Passed my driving test and bought a car; At twenty nine years old I passed my driving test and bought a car. I had never needed a car before this point because I preferred getting the train everywhere so I could have a drink on the way.
Got a new job; Or should I say I started a career in a area that actually interested me.
Managed to pay of some debt; With the new job and not blasting my entire wages in the pub it seemed a lot easier to re-balance my finances and start to get on a more stable ground.
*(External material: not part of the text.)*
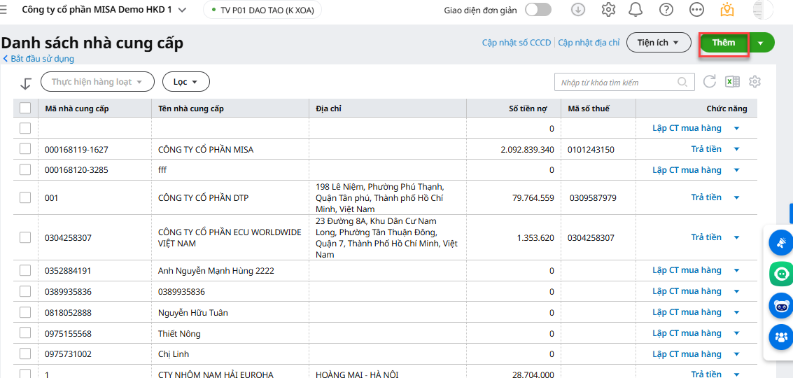 Bước 4: Nhấn Cất. Nếu muốn vừa lưu nhà cung cấp đang khai báo và đồng thời thêm mới đối tượng khác, chọn Cất và Thêm.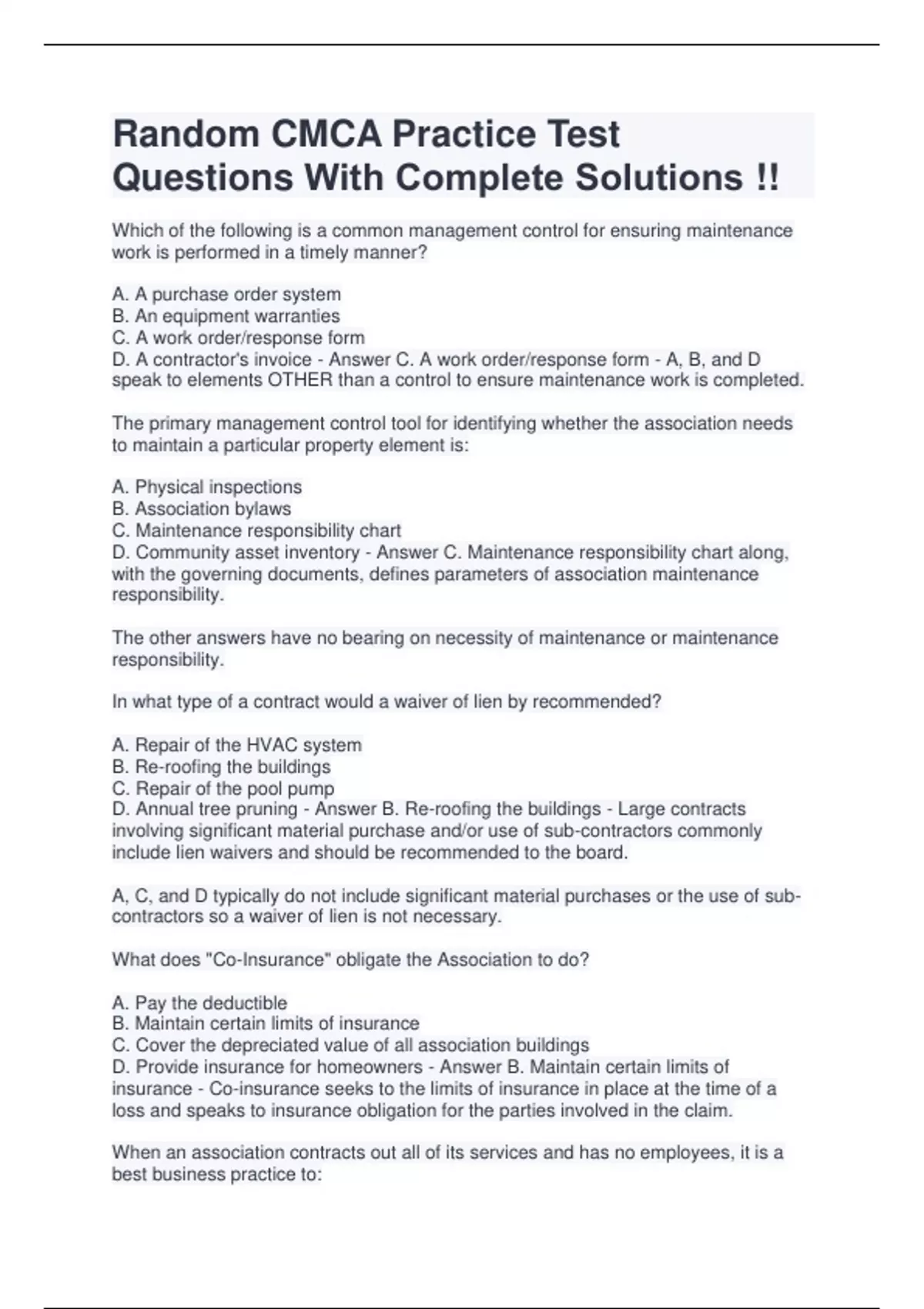 Which of the following is a common management control for ensuring maintenance work is performed in a timely manner? A. A purchase order system B. An equipment warranties C. A work order/response form D. A contractor's invoice - Answer C. A work order/response form - A, B, and D speak to elements OTHER than a control to ensure maintenance work is completed. The primary management control tool for identifying whether the association needs to maintain a particular property element is: A. Physical inspections B. Association bylaws C. Maintenance responsibility chart D. Community asset inventory - Answer C. Maintenance responsibility chart along, with the governing documents, defines parameters of association maintenance responsibility. The other answers have no bearing on necessity of maintenance or maintenance responsibility. In what type of a contract would a waiver of lien by recommended? A. Repair of the HVAC system B. Re-roofing the buildings C. Repair of the pool pump D. Annual tree pruning - Answer B. Re-roofing the buildings - Large contracts involving significant material purchase and/or use of sub-contractors commonly include lien waivers and should be recommended to the board. A, C, and D typically do not include significant material purchases or the use of subcontractors so a waiver of lien is not necessary. What does "Co-Insurance" obligate the Association to do? A. Pay the deductible B. Maintain certain limits of insurance C. Cover the depreciated value of all association buildings D. Provide insurance for homeowners - Answer B. Maintain certain limits of insurance - Co-insurance seeks to the limits of insurance in place at the time of a loss and speaks to insurance obligation for the parties involved in the claim. When an association contracts out all of its services and has no employees, it is a best business practice to:

Started training for the El camino de santiago; A work college told me about a pilgrimage in Spain/France called the El Camino de Santiago which is a five hundred mile (769km) hike/walk from St Jean Pied De Port in southern france to Santiago de compestella in Galicia, North West Spain. I started looking into it and then I was convinced that is what I was going to do next.
Lost a lot of weight; When I was drinking I eat appallingly and paid the price as I was always ill. Either hungover or just feeling hungover. The swimming, yoga & meditation I started doing, combined with the change in diet made me feel great.
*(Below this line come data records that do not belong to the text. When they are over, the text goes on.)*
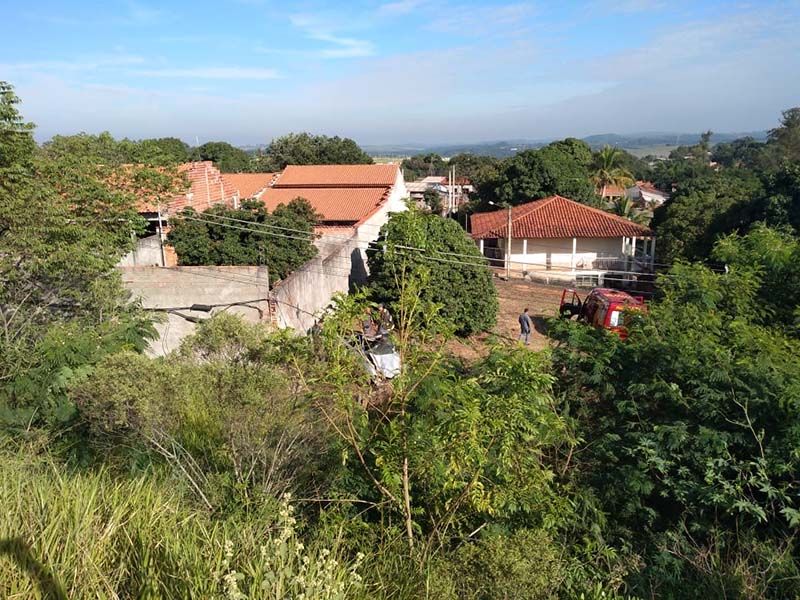 Desgovernado, o carro decolou por cerca de 20 metros, caiu em uma ribanceira de aproximadamente seis metros de altura e se chocou contra o muro de uma residência.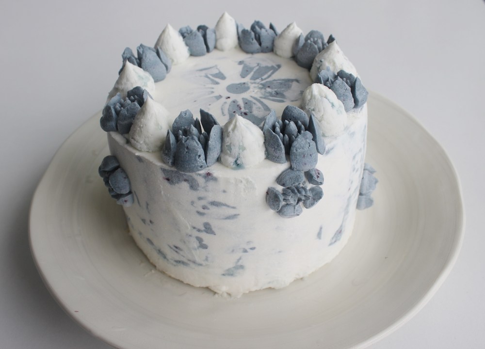 Start by applying a crumb coat onto the cake using the un-dyed buttercream. Return the cake to the freezer for 30 minutes, then spread on another smoother layer of the un-dyed buttercream. Take about 1/4 of the remaining un-dyed buttercream and stir in the dot of gel food coloring. Using floral-patterned stencils, spread the blue buttercream around the cake. Freeze the cake for another 30 minutes before spreading on the un-dyed buttercream. Freeze the cake for another 30 minutes, then using a warmed bench scraper, gently shave off the un-dyed buttercream to expose the blue floral patterns – reserve the scraped buttercream and transfer that to a piping bag with a round piping tip. Any spare blue buttercream, transfer to a piping bag with a floral piping tip. Pipe a border of the buttercream on top of the cake, and optionally, pipe dots of the buttercream around the sides of the cake as well. Allow the cake to freeze for at least 1 more hour before transferring to a serving surface.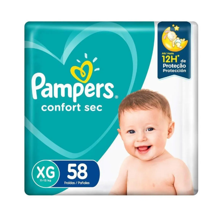 A Fralda Pampers Confort Sec tamanho XG, com 58 unidades, é a escolha perfeita para proporcionar conforto e proteção ao seu bebê.

A guy I was now working with had brain surgery caused by a tumor that the Doctors were sure had formed do to stress. He was thirty-four years old and his life would now be completely different forever. It scared the shit out of me as I wasn’t much younger myself. I can remember thinking whats the point in not drinking? I might be dead soon! as he explained what he had gone through and how difficult it was to deal with. A week later I was watching a friends band on a nondescript Wednesday night. I’d had three cokes and thought if I keep drinking Coke then I won’t sleep and I’ve got work tomorrow. It seemed to make a lot of sense at the time that the only other option was to have a beer. I must admit that I was nervous when I ordered the bottle of beer but was convinced that it wouldn’t end up like last time. How could it? I was much wiser now. There was no alarm when I got the drink and there was no explosion of dopamine in my brain. I just sipped it and carried on watching the band. I finished the beer and ordered another. After that I went home. Easy I thought as I made my way home convinced I had it under control. I can’t recall leaving a pub after two drinks before I don’t know if that is because it had never happened or if it was just so long since it had happened but I know it never happened again. Once I started drinking I didn’t stop.
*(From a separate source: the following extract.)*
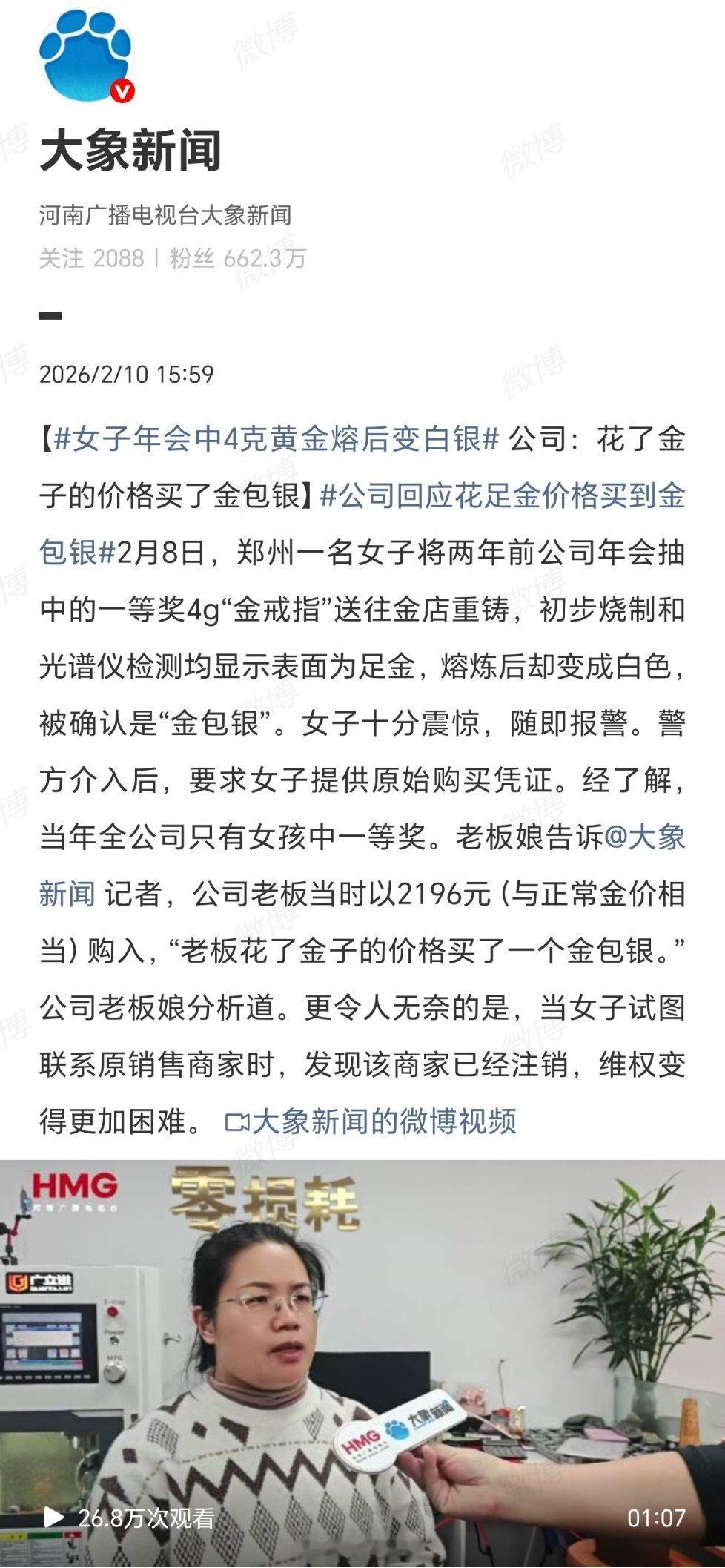 女子年会中4克黄金熔后变白银女子年会抽到的“金戒指”熔后变白银,这剧情反转得比翻书还快。公司花足金价格却买到金包银,看似无辜,实则暴露了采购的不严谨。商家注销,女子维权难,更是给这糟心事雪上加霜。企业年会本是凝聚人心的好事,如今却成了闹剧。这不仅寒了员工的心,也给企业形象抹了黑。希望企业能重视此事,给员工一个合理交代,别让诚信在利益面前“熔”掉。

Two days after those first two drinks, I was back to drinking how I had done before. Recklessly. Almost as if my addiction had been dormant just waiting to seize control. Within weeks, People started to comment how I looked ill. They would also comment how I smelt of drink. I would make up some lie about a party the night before when really I had been home alone. Soon my financal situation would again become precarious as I was now drinking away my wages and I started borrowing money to feed my habit.
The dream of walking the El Camino de Santiago began to slip further away from reach. Every week of drinking made it more and more unachievable due to the damage to my body, my mental health now beginning to suffer as I shelved problems again and I could no longer afford the plane ticket to France. Within weeks, what had taken me months to achieve was destroyed.